Assigned task » Only the pictures are to be left out; set down the rest of the records exactly.

== Information given

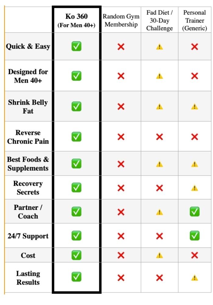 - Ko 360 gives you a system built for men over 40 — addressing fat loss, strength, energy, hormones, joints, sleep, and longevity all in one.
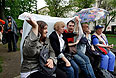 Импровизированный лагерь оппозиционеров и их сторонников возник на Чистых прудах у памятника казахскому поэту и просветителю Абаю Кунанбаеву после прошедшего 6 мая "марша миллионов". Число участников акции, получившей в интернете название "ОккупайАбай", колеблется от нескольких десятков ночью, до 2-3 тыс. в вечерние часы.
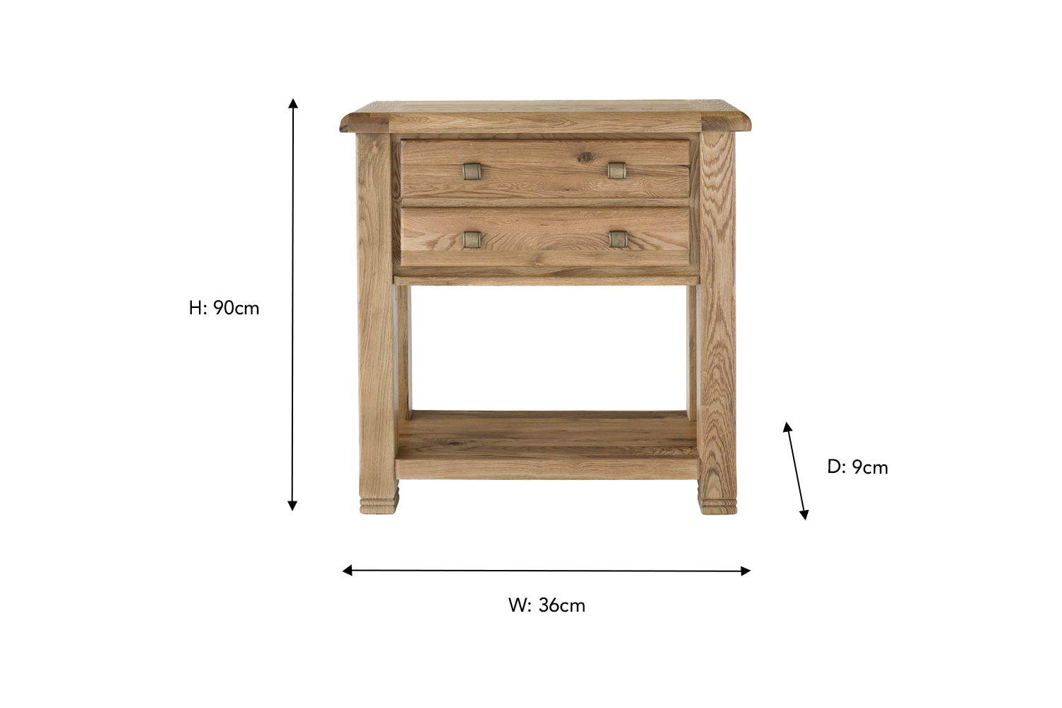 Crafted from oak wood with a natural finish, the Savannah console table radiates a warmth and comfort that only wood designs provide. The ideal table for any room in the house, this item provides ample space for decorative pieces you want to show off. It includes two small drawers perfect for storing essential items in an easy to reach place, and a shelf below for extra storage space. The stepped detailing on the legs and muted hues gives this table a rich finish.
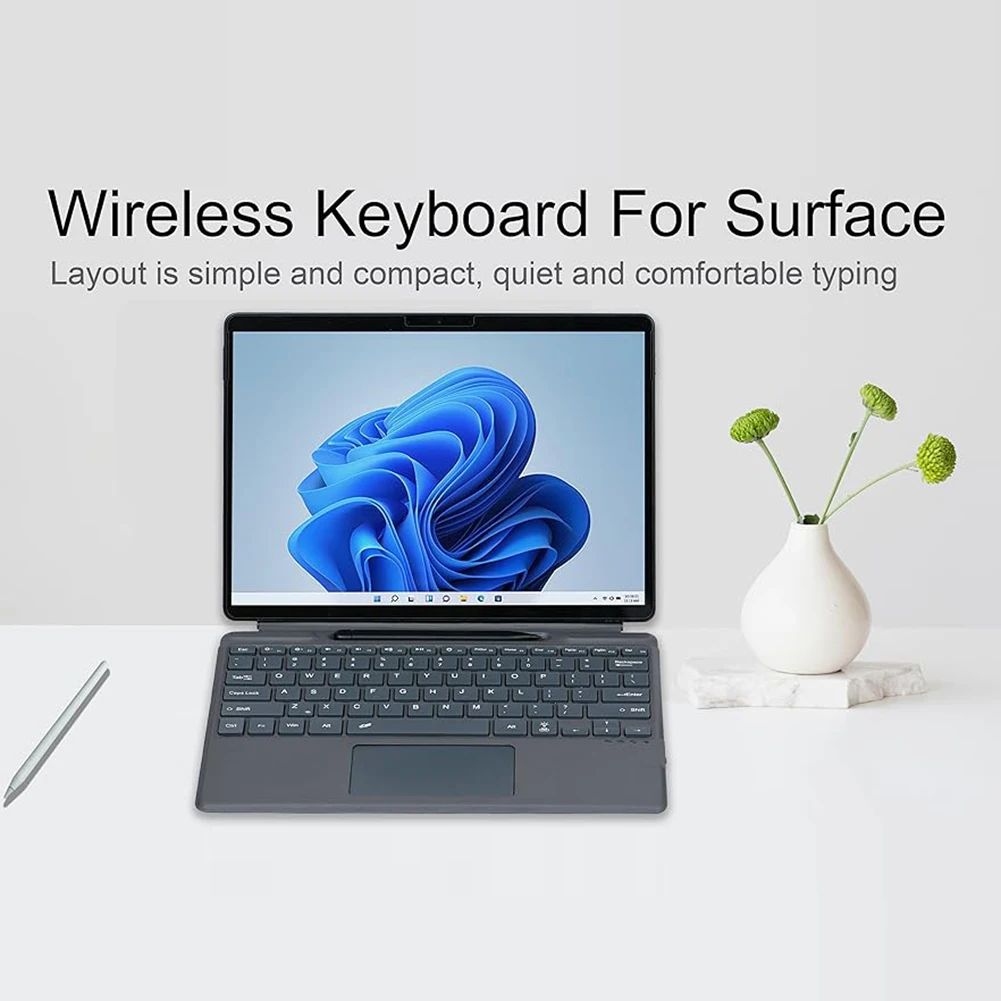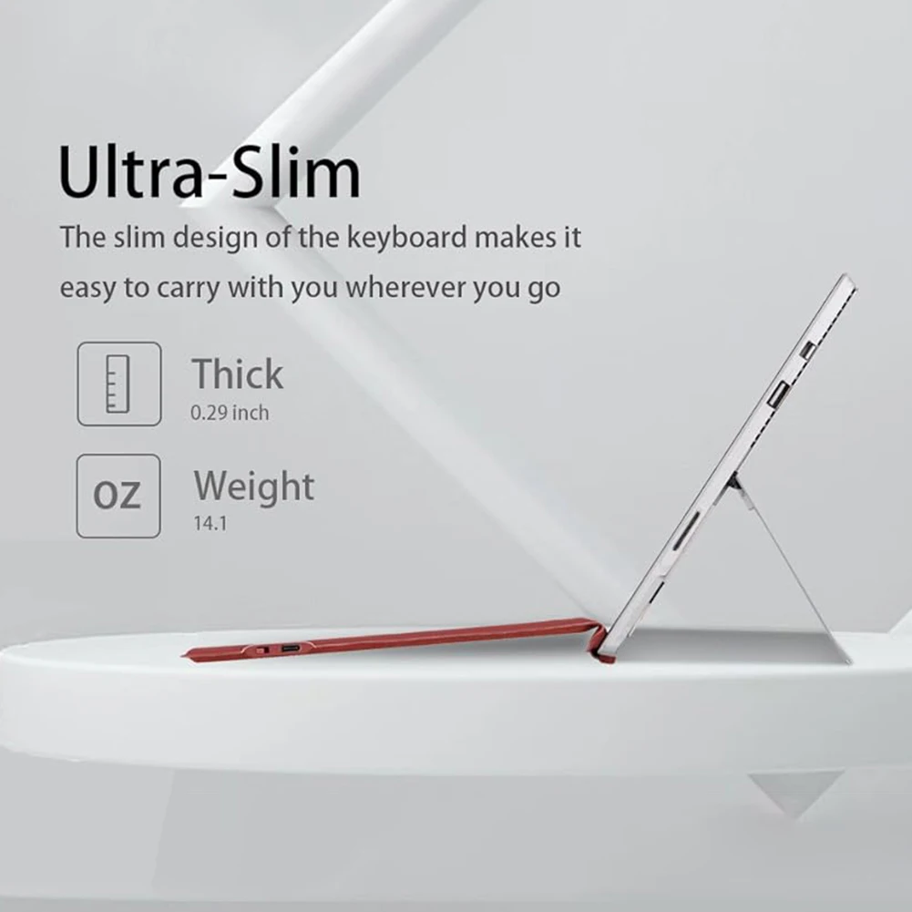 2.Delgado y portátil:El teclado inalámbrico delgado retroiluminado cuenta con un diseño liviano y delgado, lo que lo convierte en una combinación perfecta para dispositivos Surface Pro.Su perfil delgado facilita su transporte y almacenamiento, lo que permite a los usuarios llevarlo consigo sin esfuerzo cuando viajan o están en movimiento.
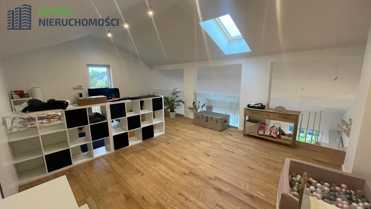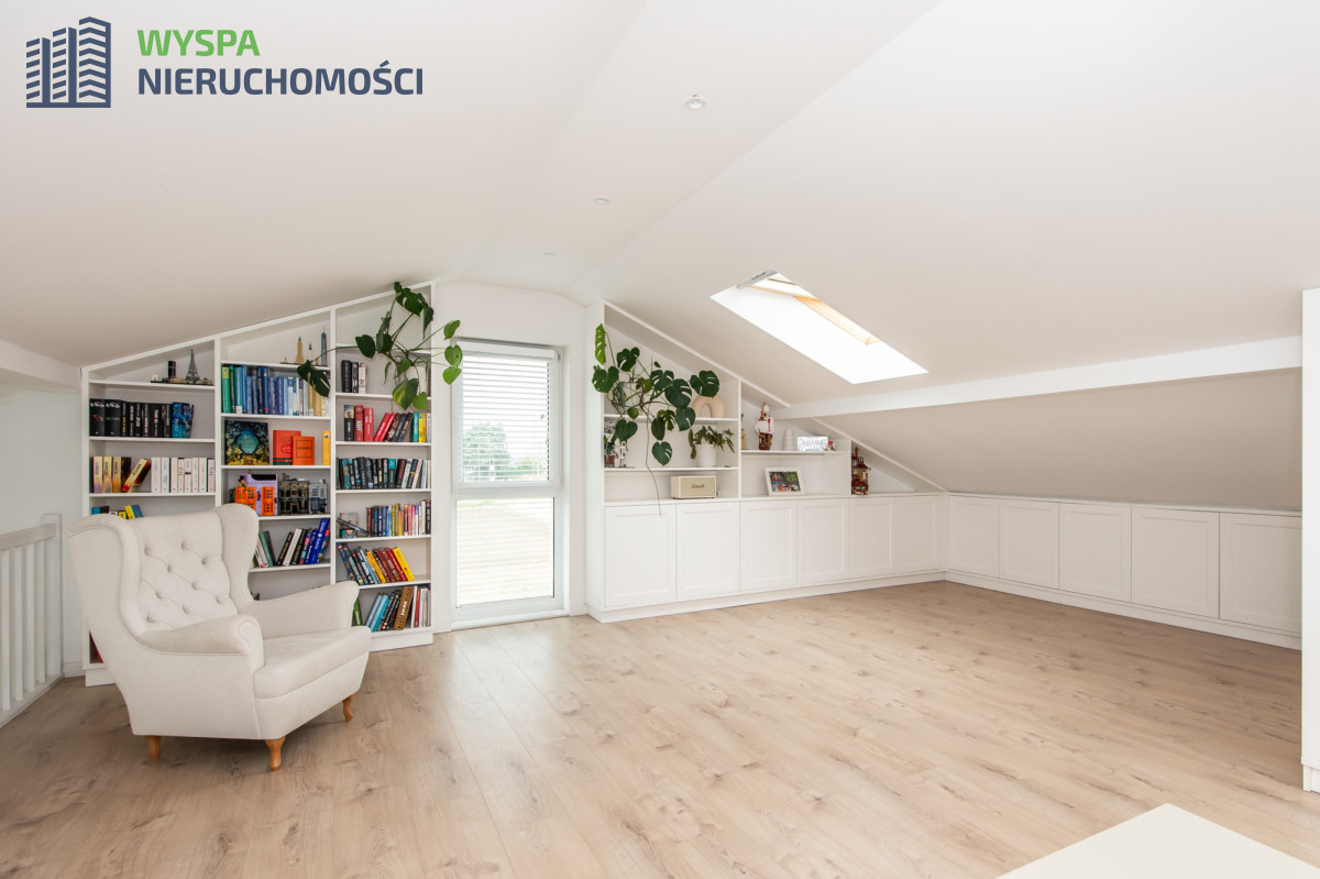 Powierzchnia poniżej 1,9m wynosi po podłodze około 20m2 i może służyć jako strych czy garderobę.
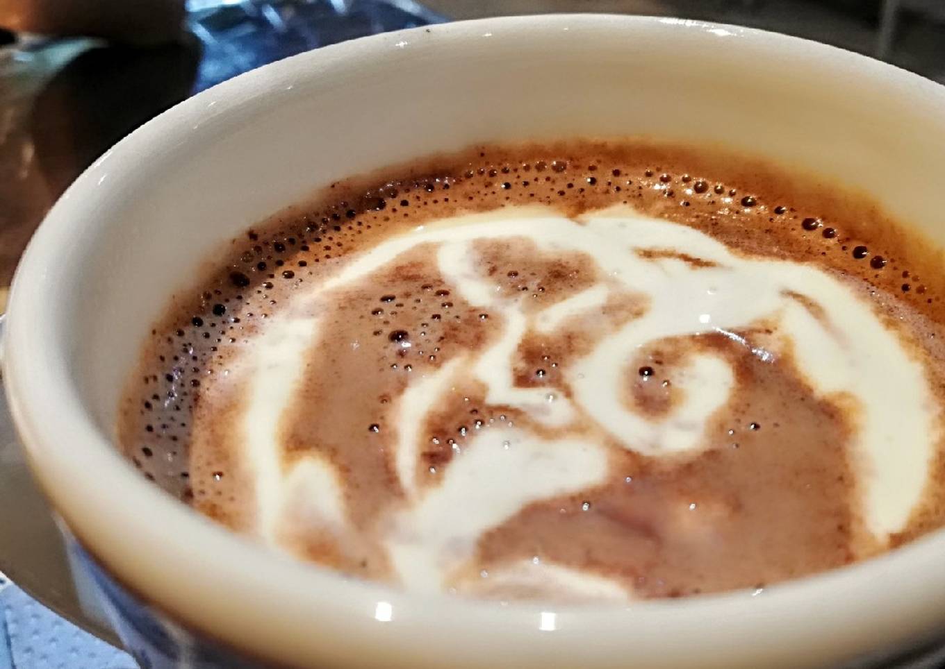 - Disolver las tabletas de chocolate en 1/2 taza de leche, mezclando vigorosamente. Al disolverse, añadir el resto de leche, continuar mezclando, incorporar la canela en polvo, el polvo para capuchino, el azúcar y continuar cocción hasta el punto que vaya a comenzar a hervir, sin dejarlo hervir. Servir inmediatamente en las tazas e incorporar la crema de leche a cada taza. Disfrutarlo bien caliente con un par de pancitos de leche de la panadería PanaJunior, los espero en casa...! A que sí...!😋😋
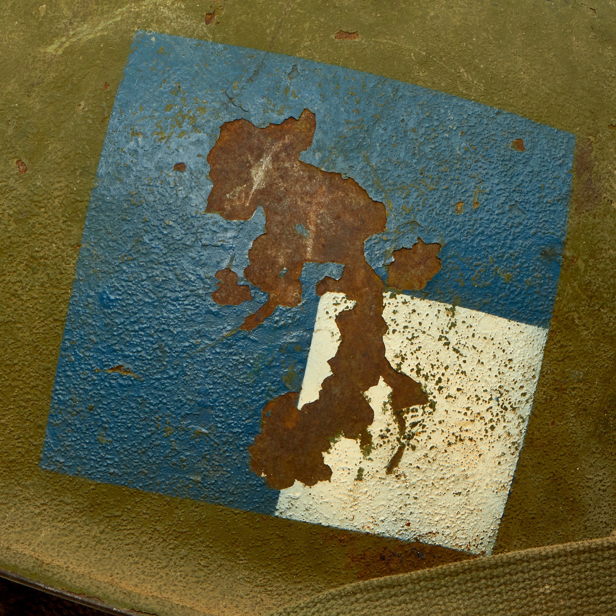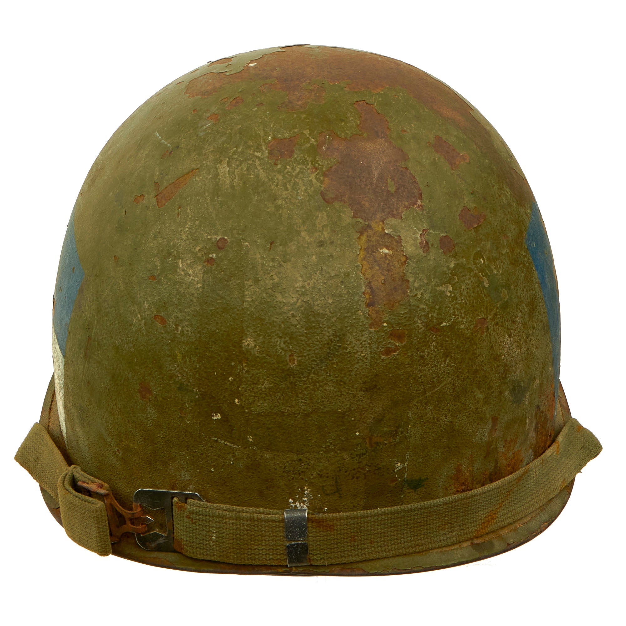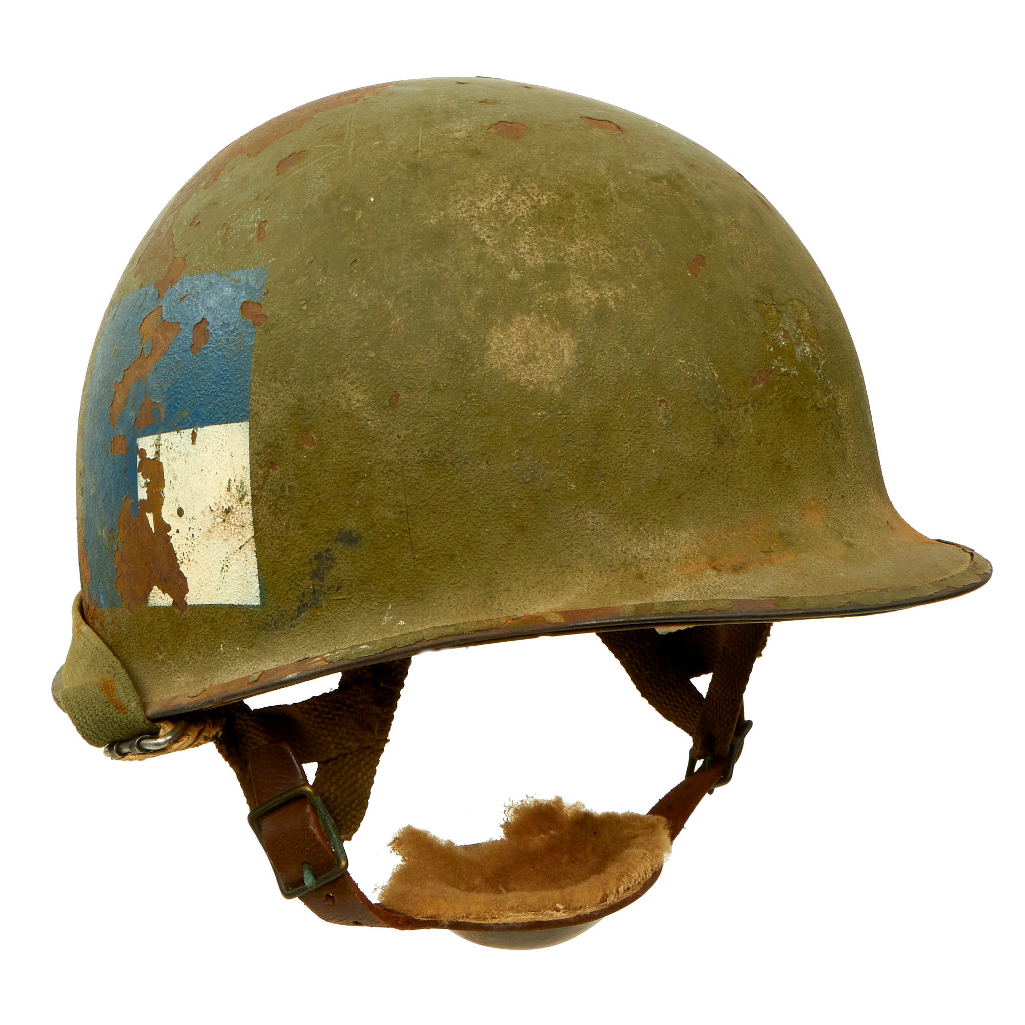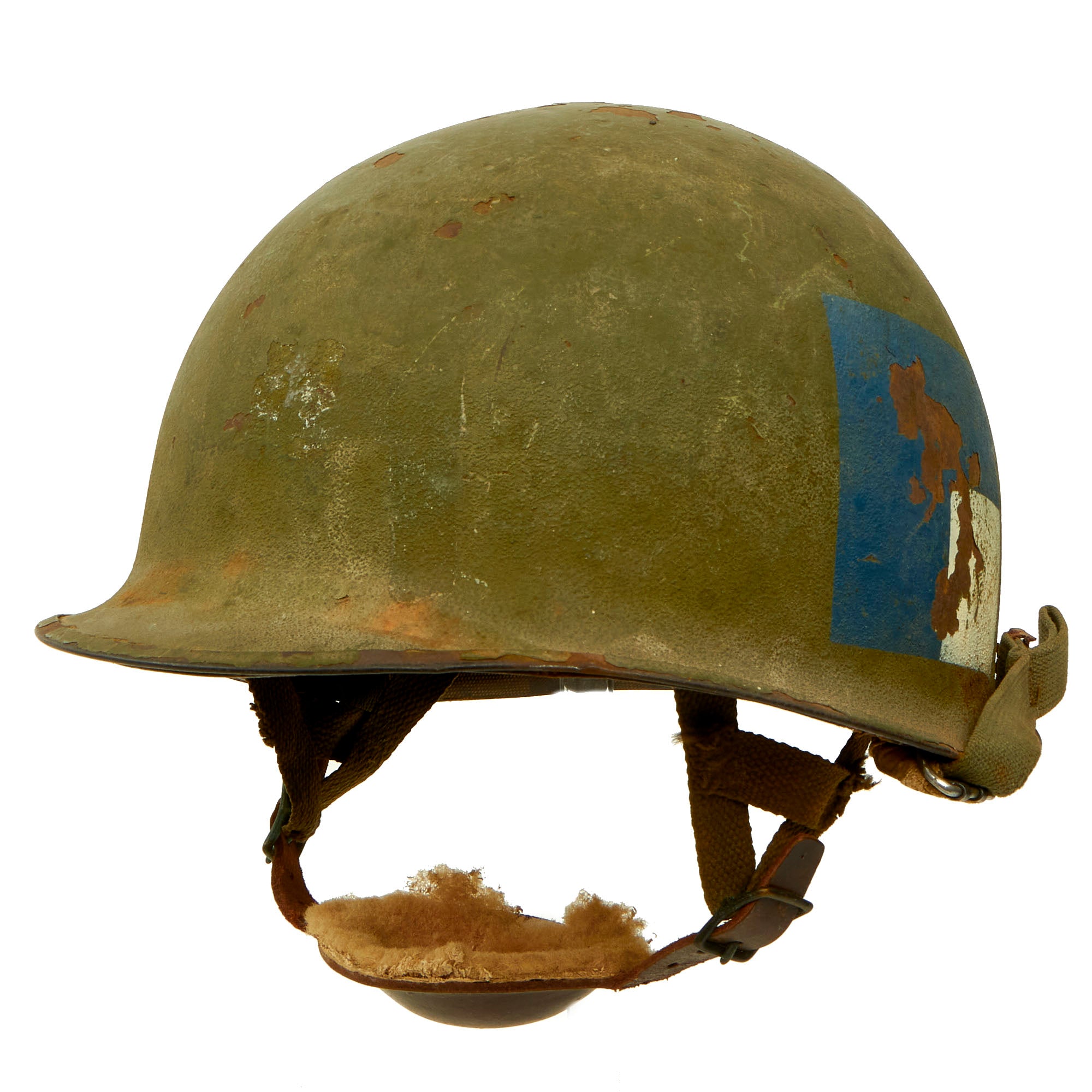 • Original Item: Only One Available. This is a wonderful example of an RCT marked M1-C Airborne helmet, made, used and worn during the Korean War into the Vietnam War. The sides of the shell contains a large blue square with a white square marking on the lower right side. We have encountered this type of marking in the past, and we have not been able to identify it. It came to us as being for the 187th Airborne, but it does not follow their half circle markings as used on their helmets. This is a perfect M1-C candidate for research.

====

Output of the task »
 - Ko 360 gives you a system built for men over 40 — addressing fat loss, strength, energy, hormones, joints, sleep, and longevity all in one.
 Импровизированный лагерь оппозиционеров и их сторонников возник на Чистых прудах у памятника казахскому поэту и просветителю Абаю Кунанбаеву после прошедшего 6 мая "марша миллионов". Число участников акции, получившей в интернете название "ОккупайАбай", колеблется от нескольких десятков ночью, до 2-3 тыс. в вечерние часы.
 Crafted from oak wood with a natural finish, the Savannah console table radiates a warmth and comfort that only wood designs provide. The ideal table for any room in the house, this item provides ample space for decorative pieces you want to show off. It includes two small drawers perfect for storing essential items in an easy to reach place, and a shelf below for extra storage space. The stepped detailing on the legs and muted hues gives this table a rich finish.
 2.Delgado y portátil:El teclado inalámbrico delgado retroiluminado cuenta con un diseño liviano y delgado, lo que lo convierte en una combinación perfecta para dispositivos Surface Pro.Su perfil delgado facilita su transporte y almacenamiento, lo que permite a los usuarios llevarlo consigo sin esfuerzo cuando viajan o están en movimiento.
 Powierzchnia poniżej 1,9m wynosi po podłodze około 20m2 i może służyć jako strych czy garderobę.
 - Disolver las tabletas de chocolate en 1/2 taza de leche, mezclando vigorosamente. Al disolverse, añadir el resto de leche, continuar mezclando, incorporar la canela en polvo, el polvo para capuchino, el azúcar y continuar cocción hasta el punto que vaya a comenzar a hervir, sin dejarlo hervir. Servir inmediatamente en las tazas e incorporar la crema de leche a cada taza. Disfrutarlo bien caliente con un par de pancitos de leche de la panadería PanaJunior, los espero en casa...! A que sí...!😋😋
 • Original Item: Only One Available. This is a wonderful example of an RCT marked M1-C Airborne helmet, made, used and worn during the Korean War into the Vietnam War. The sides of the shell contains a large blue square with a white square marking on the lower right side. We have encountered this type of marking in the past, and we have not been able to identify it. It came to us as being for the 187th Airborne, but it does not follow their half circle markings as used on their helmets. This is a perfect M1-C candidate for research.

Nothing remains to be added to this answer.